Regelingen sluiting luchtruim

Prinsjesdag

18 september 2001

Nr. IVW/L/01.540666

Inspectie Verkeer en Waterstaat

De Minister van Verkeer en Waterstaat,

Gelet op artikel 5.10, eerste lid onder a, van de Wet luchtvaart;

Besluit:

Artikel 1

Om redenen van openbare orde en veiligheid wordt in het gebied gelegen binnen een cirkel met een straal van 2,5 NM beschreven om het geografische punt 52°04'40'' NB en 004°18'55'' OL (Den Haag) het uitoefenen van het burgerluchtverkeer verboden vanaf de grond tot en met 3000 voet AMSL, jaarlijks op de derde dinsdag in september van 12.00 tot 16.00 uur plaatselijke tijd.

Artikel 2

Het verbod, genoemd in artikel 1, geldt niet voor vluchten

a. uitgevoerd door of in opdracht van de Politie Luchtvaartdienst van het Korps Landelijke Politiediensten;

b. voor het vervoer van leden van het Koninklijk Huis, staatshoofden of ministers;

c. met hefschroefvliegtuigen ten behoeve van het vervoer van traumateams voor spoedeisende hulpverlening.

Artikel 3

De beschikking van de Minister van Verkeer en Waterstaat van 19 april 1993, nr. DGRLD/JBZ/L93.004094, Stcrt. 1999, 235 wordt ingetrokken.

Artikel 4

Deze regeling treedt in werking met ingang van de tweede dag na dagtekening van de Staatscourant waarin zij wordt geplaatst en werkt terug tot het moment van bekendstelling via de Notice to Airmen (NOTAM).

Artikel 4

Deze regeling wordt aangehaald als: Regeling sluiting luchtruim Prinsjesdag.

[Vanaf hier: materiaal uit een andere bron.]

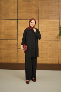 Alt Piliseli Bisiklet Yaka Takım Siyah

De Minister van Verkeer en Waterstaat,T. Netelenbos.

Toelichting

Deze regeling verbiedt om redenen van openbare orde en veiligheid jaarlijks op prinsjesdag het burgerluchtverkeer te vliegen boven het Binnenhof en directe omgeving.

Overtreding van deze regeling is als overtreding strafbaar gesteld in artikel 11.9 van de Wet luchtvaart.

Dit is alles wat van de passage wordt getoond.